Minnesota hockey player is honored with USA Hockey award

Rylynn Zanon basically grew up in hockey rinks. However, because of several mild issues that affected her physical and cognitive […]

Rylynn Zanon is shown on the ice.

Rylynn Zanon basically grew up in hockey rinks.

However, because of several mild issues that affected her physical and cognitive development, it took her some time to hit the ice for good and find her own place in the game.  Now more than seven years into her playing career, Zanon was honored by USA Hockey with the 2024 Disabled Athlete of the Year Award. The award was presented June 7 at the at the 2024 USA Hockey President’s Awards Dinner in Denver..  That came as quite a surprise to her.

“Honestly, I wasn’t expecting it,” Zanon said. “We were all pretty shocked.”

Receiving the award won’t slow down her drive to get better, as she continues to work on her game.  “I feel like I’ve gotten better throughout the years,” she said. “We’ve done more drills, like game drills and just doing a lot more stick-handling drills.”

Growing up, Zanon certainly didn’t have to look far to find a hockey role model. Her father, Greg Zanon, spent nine years as a defenseman in the NHL.

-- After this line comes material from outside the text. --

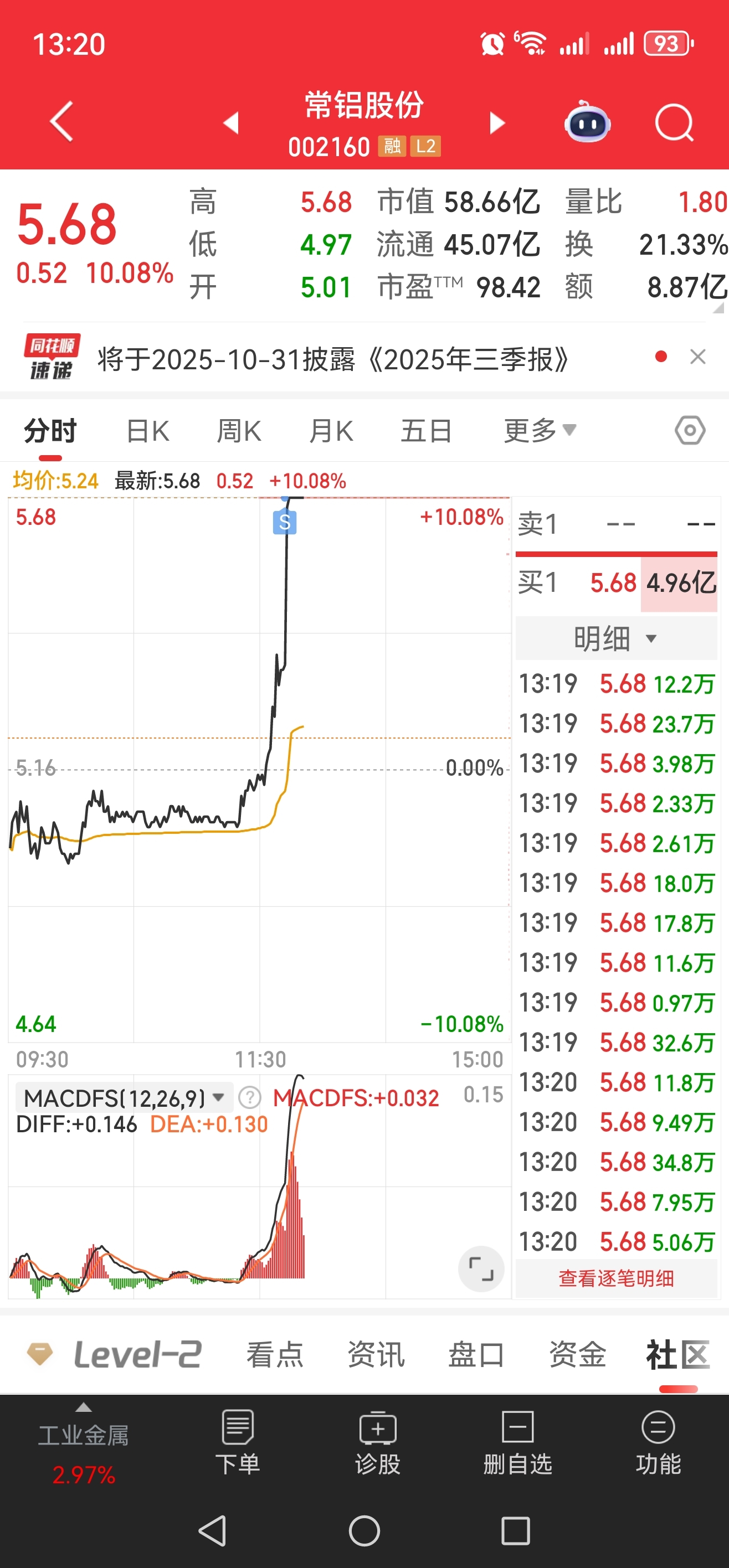 $常铝股份(SZ002160)$ 睡醒一看卖飞了。

“She was [his] No. 1 fan for a long time,” said Jen Zanon, Rylynn’s mother. “We bounced around with him for a few years while he did his thing. And during that time, she did take some skating lessons when she was 5 or 6.”

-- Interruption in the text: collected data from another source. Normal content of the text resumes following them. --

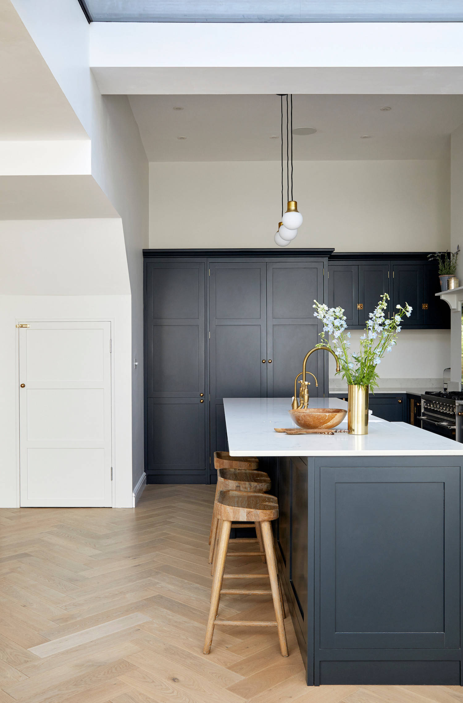 In this kitchen, the classic white wall tiles and the pale gray flooring highlight the dark gray cabinets and the black architectural features beautifully. Brass handles, meanwhile, bring out the richness of the charcoal hue.
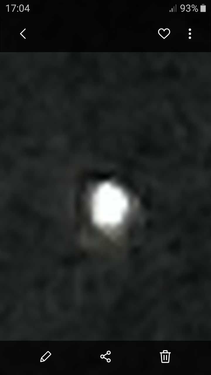 ni får tycka att det är omöjligt, men jag ser ju klart att jag fångat den på bild. må vara att det bara är ett fåtal pixlar, men det syns ju att jag fotat en sfär belyst från sidan.
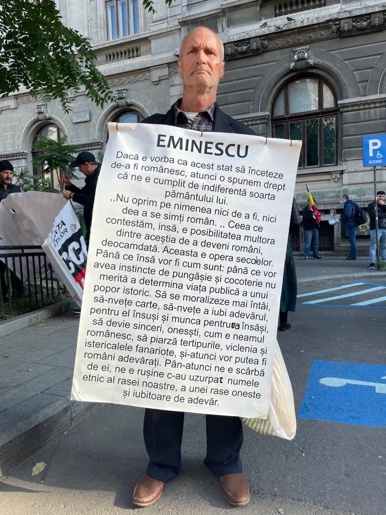 Mesajul e rapid și robotic preluat de mulțime, inclusiv de un domn care merge comic, ca într-un film mut, din cauza unei pancarte uriașe în care e îmbrăcat și pe care e citat marele nostru poet național, Mihai Eminescu.
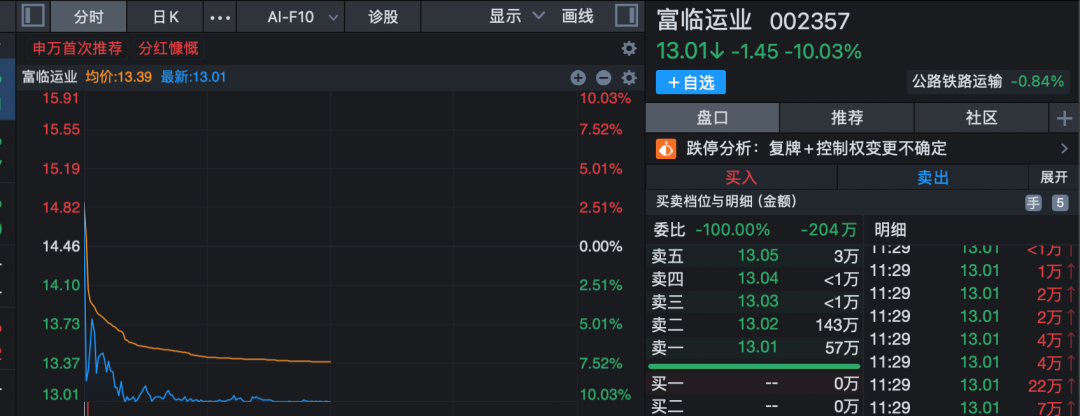 4月2日,富临运业(002357)复牌跌停,最新股价为13.01元/股。
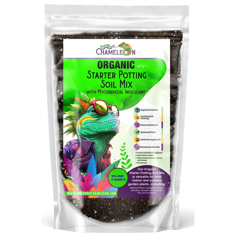 Funny Chameleon Organic Starter Potting Soil Mix with Mycorrhizal Inoculant for Fast Germination, Vigorous Seedlings, Strong Root Systems, Ideal pH, Disease Resistance (2 QUARTS)
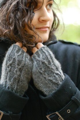 Sofie's Mitts are simple fingerless mitts with just a touch of twisted cables to keep things interesting. They have a thumb gusset and twisted ribbed cuffs.

Rylynn Zanon posing for a photo on the rink

As Jen remembered, that was a challenge for her daughter.

“It wasn’t really her thing when she first started,” Jen said. “She enjoyed being at the rink, but the actual skating part of it was a little bit difficult and uncomfortable for her.”
Jen noted that Zanon hadn’t developed physically the way typical children do. Just finding skates for Zanon was difficult.  According to Jen, part of the problem might have been having her daughter start skating in full hockey gear at the outset.  “It was right into you’re learning to skate as a hockey player,” Jen said. “It was maybe not the best route to go with that, but that’s the route we took.”

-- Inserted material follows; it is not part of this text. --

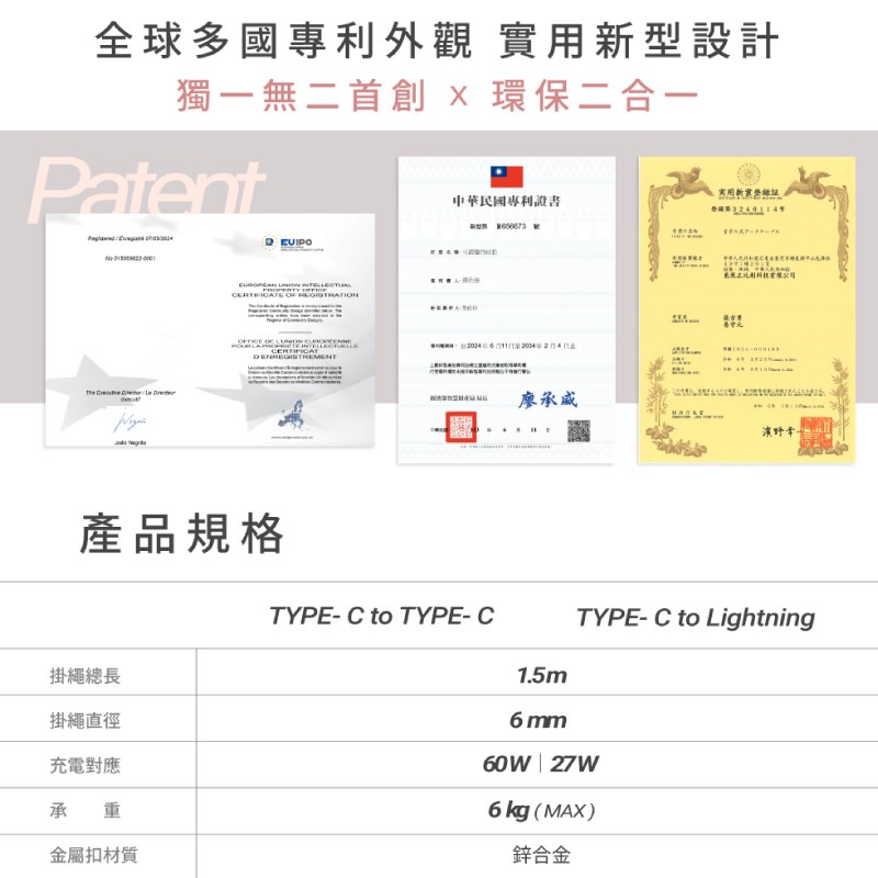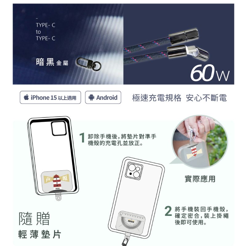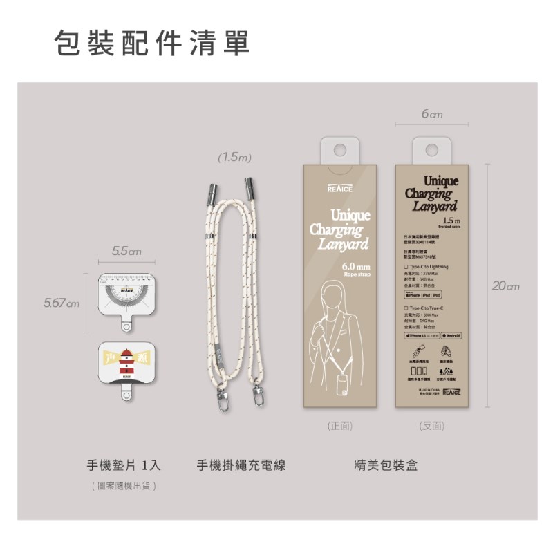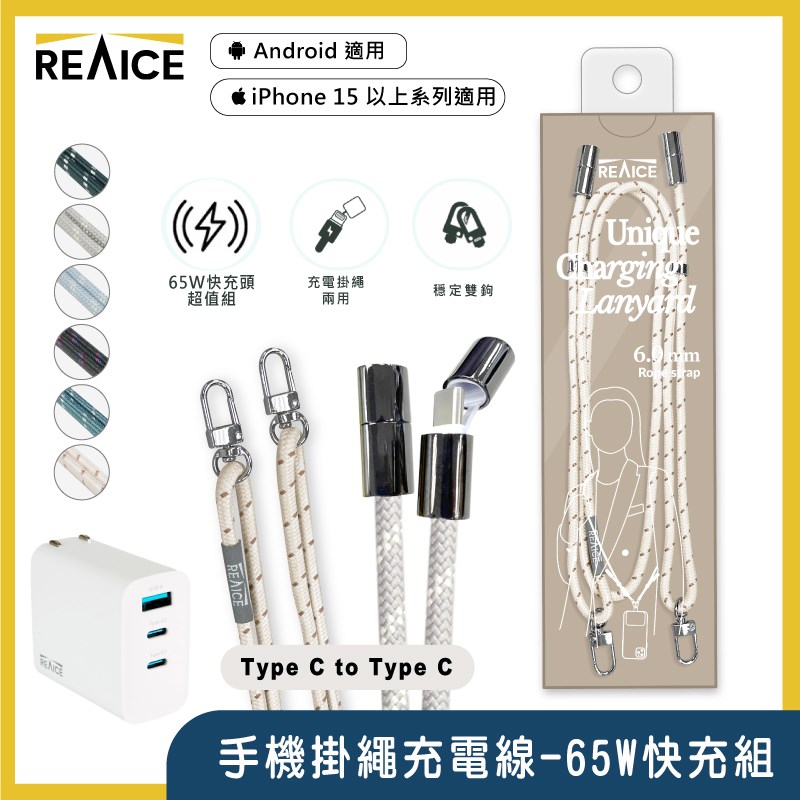【REAICE】2WAY手機掛繩充電線Type-C to Type-C-65W快充組 贈墊片乙入

Zanon got off the ice and was content with watching her dad, sister and brother play for a time. After the family moved to Minnesota, she finally got an opportunity to play at age 12.

The family saw one of Zanon’s friends play with the Minnesota Special Hockey Program. They then quickly signed Zanon up to the program as well.

Zanon, now 19, continues to play in the program, which partners directly with the NHL’s Minnesota Wild.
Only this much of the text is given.